Will Proposition 13 save San Francisco?
Oh, the irony. San Francisco is perhaps the most progressive city in the United States, although Portland and Seattle might put up an argument. So how is it that the one thing that might save the City by the Bay from the fiscal abyss is Proposition 13, the iconic tax-cutting initiative backed by conservative Howard Jarvis and approved by voters in 1978?
No one disputes that San Francisco is in crisis. The city’s profligate spending and poor management has led to a myriad of ancillary problems. That the city planned to spend $1.7 million for a bathroom in a park may be the source of humorous derision, but it is an example of seriously dysfunctional governance. (Private donations for the restroom subsequently reduced the cost to the city).
A major structural problem is San Francisco’s diminishing population. As people leave the city, they take their tax dollars with them. The steepest decline occurred between 2019 and 2021 when the city lost 6.3 percent of its population, a rate of decline unprecedented for any major U.S. city. The only silver lining is that the rate of decline slowed to “only” half a percent from July 2021 to July 2022.
Making matters worse is the fact that downtown San Francisco has experienced the weakest recovery from the pandemic out of 62 North American cities according to a San Francisco Chronicle article dated January 18, 2023. Its overreliance on high tech and finance, whose workers are able to work remotely, has morphed downtown into a ghost town. Office vacancies are at an all-time high and rents for office space are falling fast.
The exodus of high-wealth individuals and businesses has wreaked havoc on the San Francisco’s budget, which is now projected to be in the hole by $780 million over the next two fiscal years.

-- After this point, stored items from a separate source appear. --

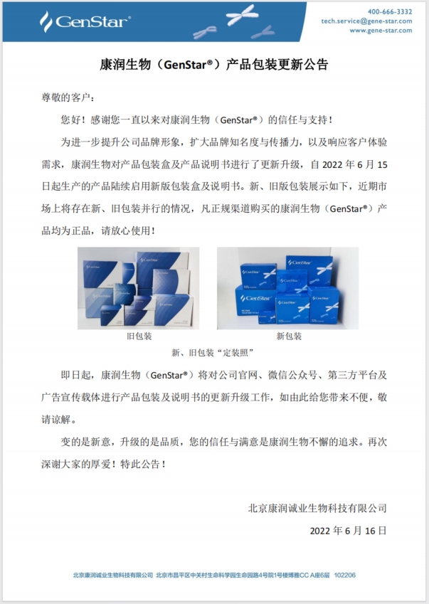 【包裝更換】康潤生物(GenStar)產(chǎn)品包裝更新公告
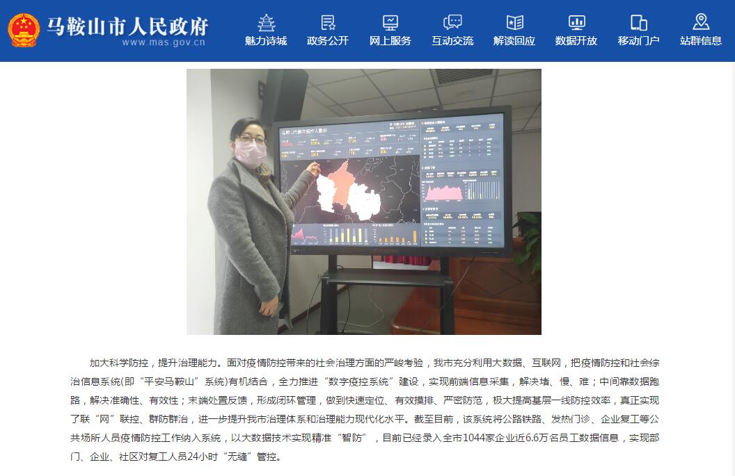 加大科学防控,提升治理能力。面对疫情防控带来的社会治理方面的严峻考验,我市充分利用大数据、互联网,把疫情防控和社会综治信息系统(即“平安马鞍山”系统)有机结合,全力推进“数字疫控系统”建设,实现前端信息采集,解决堵、慢、难;中间靠数据跑路,解决准确性、有效性;末端处置反馈,形成闭环管理,做到快速定位、有效摸排、严密防范,极大提高基层一线防控效率,真正实现了联“网”联控、群防群治,进一步提升我市治理体系和治理能力现代化水平。截至目前,该系统将公路铁路、发热门诊、企业复工等公共场所人员疫情防控工作纳入系统,以大数据技术实现精准“智防”,目前已经录入全市1044家企业近6.6万名员工数据信息,实现部门、企业、社区对复工人员24小时“无缝”管控。(摘自马鞍山日报)
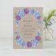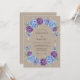 Rich plum and cornflower blue watercolor roses and hydrangeas form a lush arrangement on a warm taupe background. Silver-green eucalyptus foliage adds a natural touch to the botanical design. This artwork creates a romantic and earthy atmosphere for an outdoor or nature-inspired event. The colour palette blends deep jewel tones with soft neutrals.
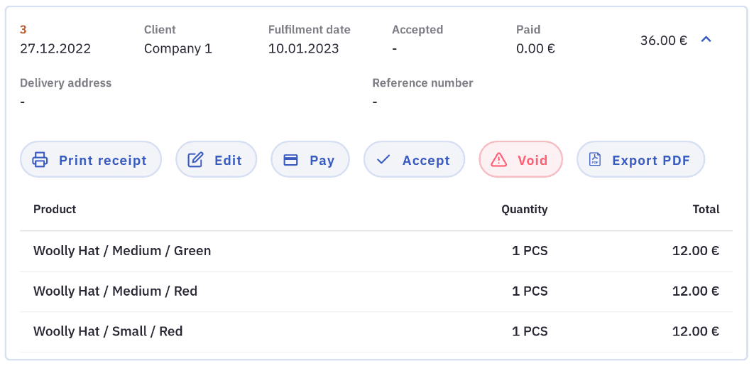 - Edit – allows to edit the contents of the order (option is only visible when the order is not accepted)
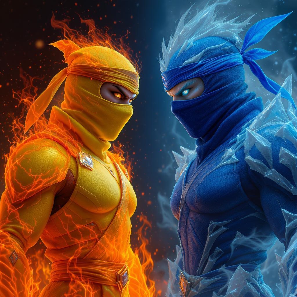 An ultra-realistic 3D render of two ninjas in contrasting styles: one in vibrant yellow, embodying the essence of fire with flames subtly dancing across their attire, their eyes reflecting a fierce determination. The other ninja is clad in a deep blue, epitomizing the chill of ice, with their garments shimmering like frozen crystals, their gaze as cold and calculating as the icy realm they represent. Incorporating elements of gold and diamond embellishments on their suits, they stand in dynamic poses, showcasing a harmonious yet intense balance between fire and ice in an epic, cinematic confrontation.
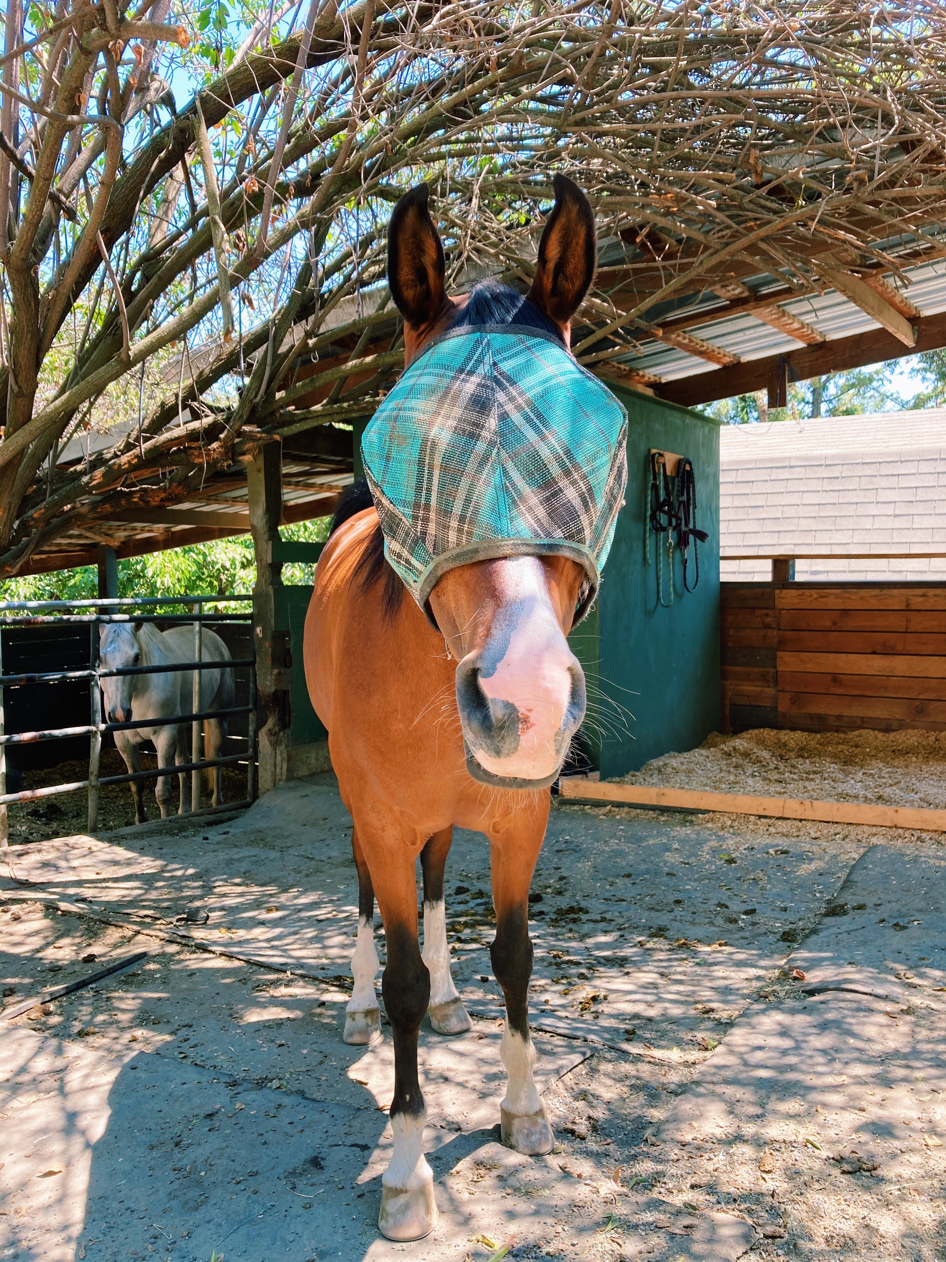 Capone has been chasing cans this summer, for the uninitiated that’s barrel racing. He’s even won money for it!! But then he decided to eat a random weed with his buddies and colic on and off for 2 days sending all that money to the equine veterinarian. He swelled up to warmblood size with hives, had to be tubed and was just overall unhappy. He bounced back really well to be a super lesson pony for Rey’s little sister Sena. We worked on basic horsemanship, steering and then some light obstacle riding. We started with waking up early, grabbing a bite and chatting/ singing in the car on the way there. She learned how to groom and in an orderly fashion that’s also effective, she learned about the various sprays I use on Capone, but I did them for her since Capone is spirited. We used Purvida Conditioning Spray, Eqyss Marigold Spray, Sport Horse Essentials (SHE) Waterless Shampoo & Stain Remover and our usual Bronco Citronella Fly spray that reminds me of summers with Grandma Jacobs. After we covered that we went through tacking up, saddle fit, various disciplines and more. We ultimately left him untacked because we were working on steering on the ground in a halter anyways. I opted for my Tory Leather halter, which they so kindly reposted back when we were at Webb.
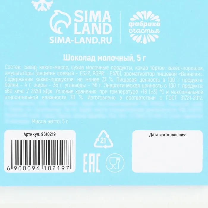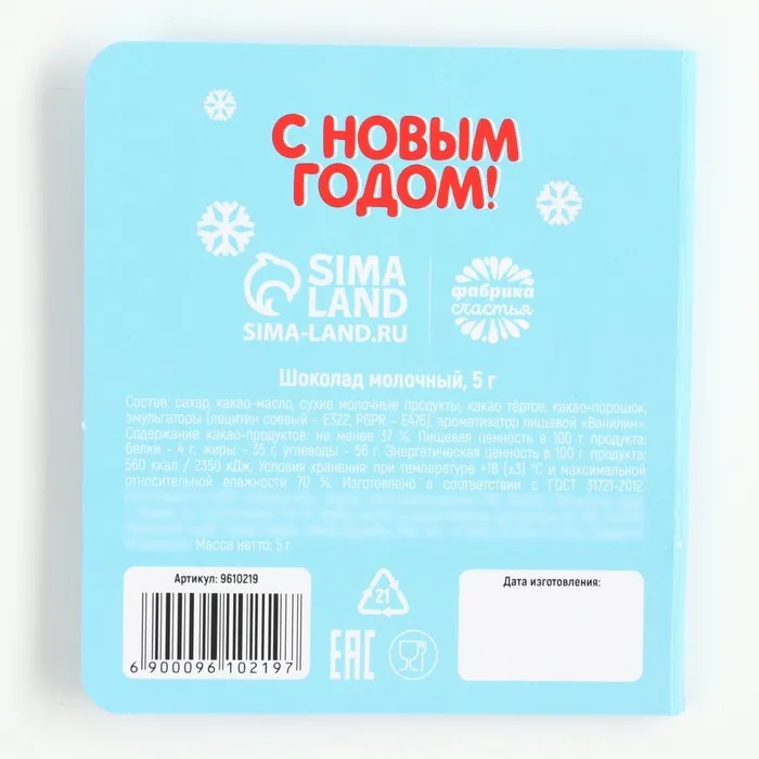 Шоколад новогодний молочный «Осадки» в открытке, 5 г. х 1 шт. — Характеристики
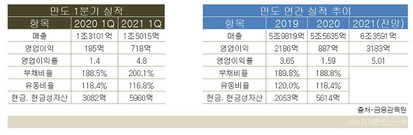 만도 관계자는 “사업을 하다보면 분기별로 부채비율이 조금씩 업다운을 할 수 있다. (증가를 유발한) 특별한 악재는 없었다”면서 “올해 실적 전망도 괜찮을 것이라 본다”고 말했다.
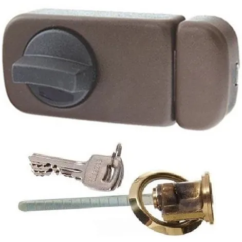 Dodatna brava za drvena vrata. Univerzalna leva/desna strana. Montira se na vrata iznutra. Boja: Bela U kompletu je i cilindar za zaključavanje spolja
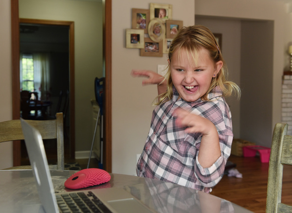 Isabelle struggles with fine motor skills, which affects her ability to use online materials for virtual learning, said her mother, Julia Dapkus.
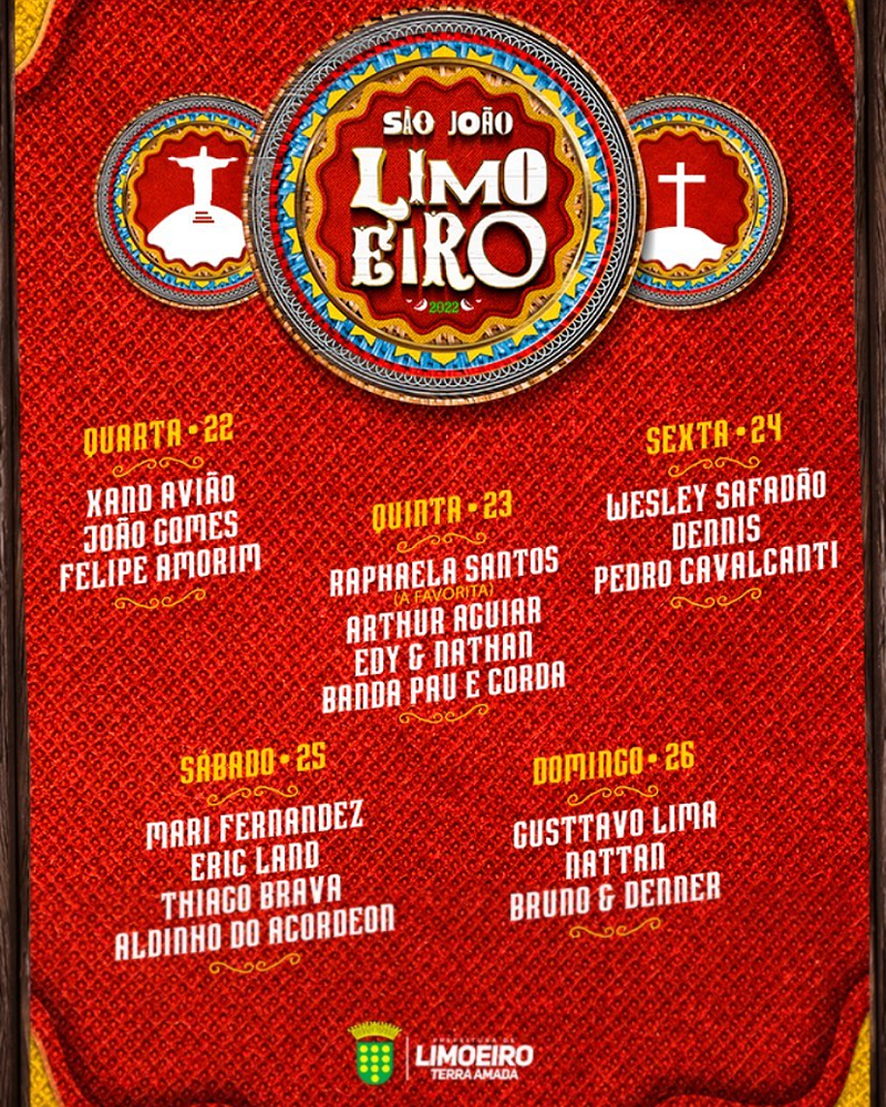 Programação do são João de Limoeiro é divulgada, confira lista de artistas
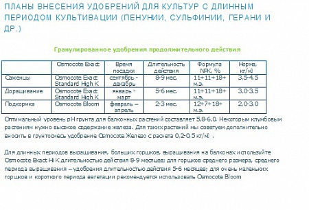 алианда, вот слямзила информацию с другого форума: 11+11+18+2MgO+Micro 5-6 мес. Для растений, которые нуждаются в высоких дозах калия. Для многолетников и однолетних культур с длинным периодом вегетации. 15+09+12+2,5MgO+Micro 5-6 мес. Использование апрель-май. Для хвойных , сезонных цветов, лиственных. Норма внесения: 3-5 кг/м3.
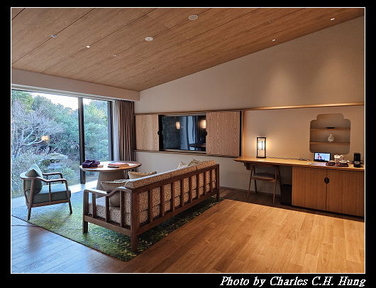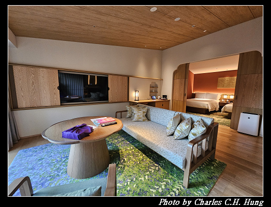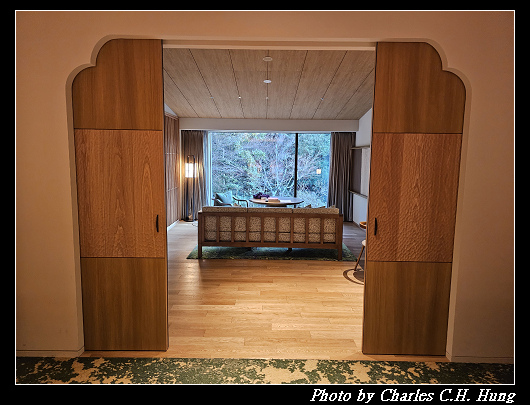 ▼ 從床舖的位置,看出去客廳的角度,視線穿越客廳,就可以看到飯店後方的日式庭園,整個景觀是還滿漂亮的,也充分的運用了日式庭園中借景的技巧。
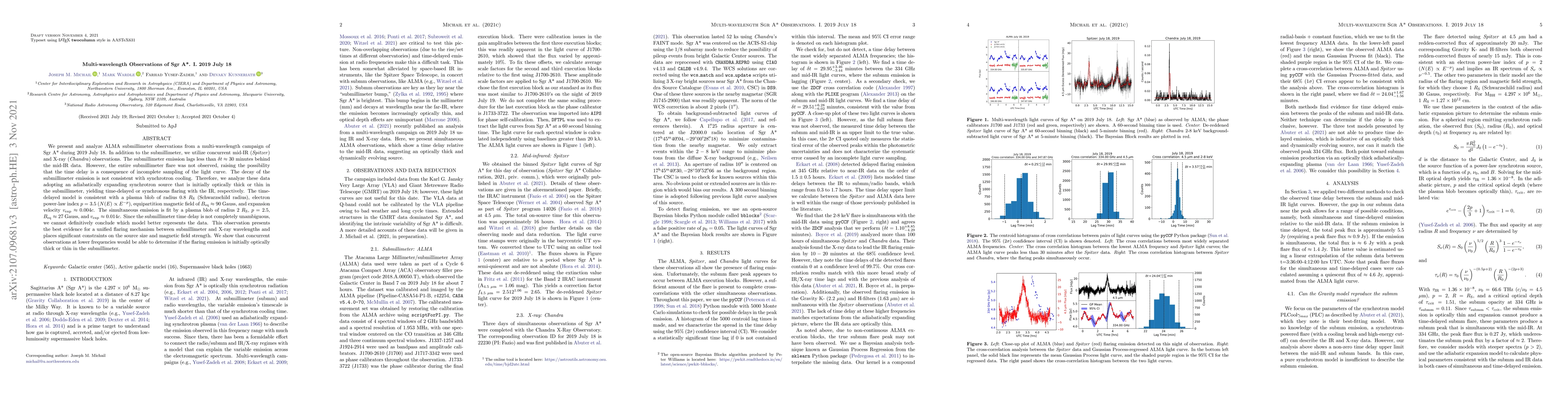 We present and analyze ALMA submillimeter observations from a multi-wavelength campaign of Sgr A* during 18 July 2019. In addition to the submillimeter, we utilize concurrent mid-IR (Spitzer) and X-ray (Chandra) observations. The submillimeter emission lags less than $\delta t\approx30$ minutes behind the mid-IR data. However, the entire submillimeter flare was not observed, raising the possibility that the time delay is a consequence of incomplete sampling of the light curve. The decay of the submillimeter emission is not consistent with synchrotron cooling. Therefore, we analyze these data adopting an adiabatically expanding synchrotron source that is initially optically thick or thin in the submillimeter, yielding time-delayed or synchronous flaring with the IR, respectively. The time-delayed model is consistent with a plasma blob of radius $0.8~R_{\text{S}}$ (Schwarzschild radius), electron power-law index $p=3.5$ ($N(E)\propto E^{-p}$), equipartition magnetic field of $B_{\text{eq}}\approx90$ Gauss, and expansion velocity $v_{\text{exp}}\approx0.004c$. The simultaneous emission is fit by a plasma blob of radius $2~R_{\text{S}}$, $p=2.5$, $B_{\text{eq}}\approx27$ Gauss, and $v_{\text{exp}}\approx0.014c$. Since the submillimeter time delay is not completely unambiguous, we cannot definitively conclude which model better represents the data. This observation presents the best evidence for a unified flaring mechanism between submillimeter and X-ray wavelengths and places significant constraints on the source size and magnetic field strength. We show that concurrent observations at lower frequencies would be able to determine if the flaring emission is initially optically thick or thin in the submillimeter.
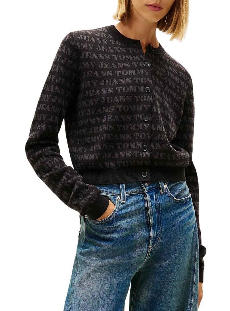Jaqueta de malha Tommy Jeans Spellout preta para mulher.
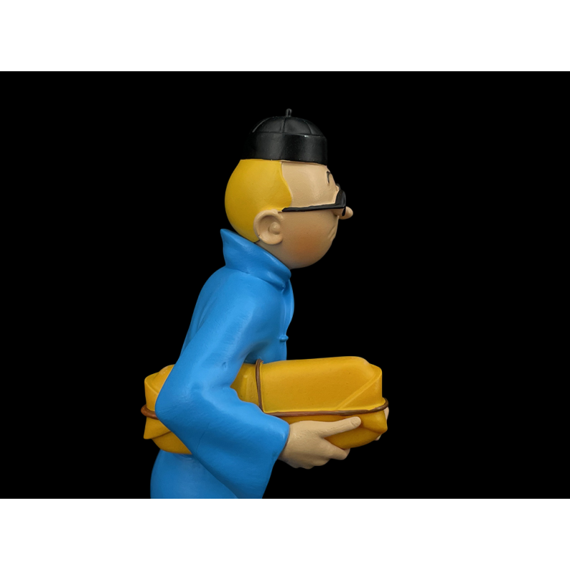 Tim-und-Struppi-Figur – Tim mit einem Paket
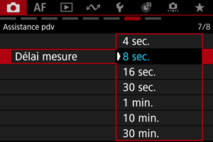 Vous pouvez régler la durée de fonctionnement du délai mesure (qui détermine la durée de l'affichage de la valeur d'exposition/mémorisation d'exposition) après qu'il a été activé par une action comme l'enfoncement du déclencheur à mi-course.

So, with all this bad news, how is it that Proposition 13 can save San Francisco or at least slow down its rate of decline? Lost in all the discussion about spending challenges is the fact that the city is still projecting year-over-year increases in revenue. Much of that is due to how Proposition 13 works.
While providing security to homeowners, Proposition 13 also guarantees stable – and almost always increasing – revenue to local governments. Statewide, assessed value of property generally increases in the 4 to 5 percent range. And even in years when market values decrease, Proposition 13 acts as a shock absorber, stabilizing revenue because of the difference between taxable value and market value.
The two percent limit on annual increases in taxable value means that, for cities like San Francisco with historically big increases in market value, no overall reduction in tax assessments is required even when market values are dropping. Revenue to the city treasury is likely to remain stable. In fact, total assessed property in San Francisco from 2022 to 2023 increased 5.3% according to the California Board of Equalization Annual Report.
Proposition 13 has been characterized as “recession insurance” for local governments. Even with its problems, San Francisco can rely on a relatively stable stream of property tax revenue. Whether that will be sufficient will depend on whether the politicians can get spending under control. Raising taxes to “solve” budget problems just drives away more taxpayers and leaves a bigger hole in the city treasury.
Jon Coupal is president of the Howard Jarvis Taxpayers Association.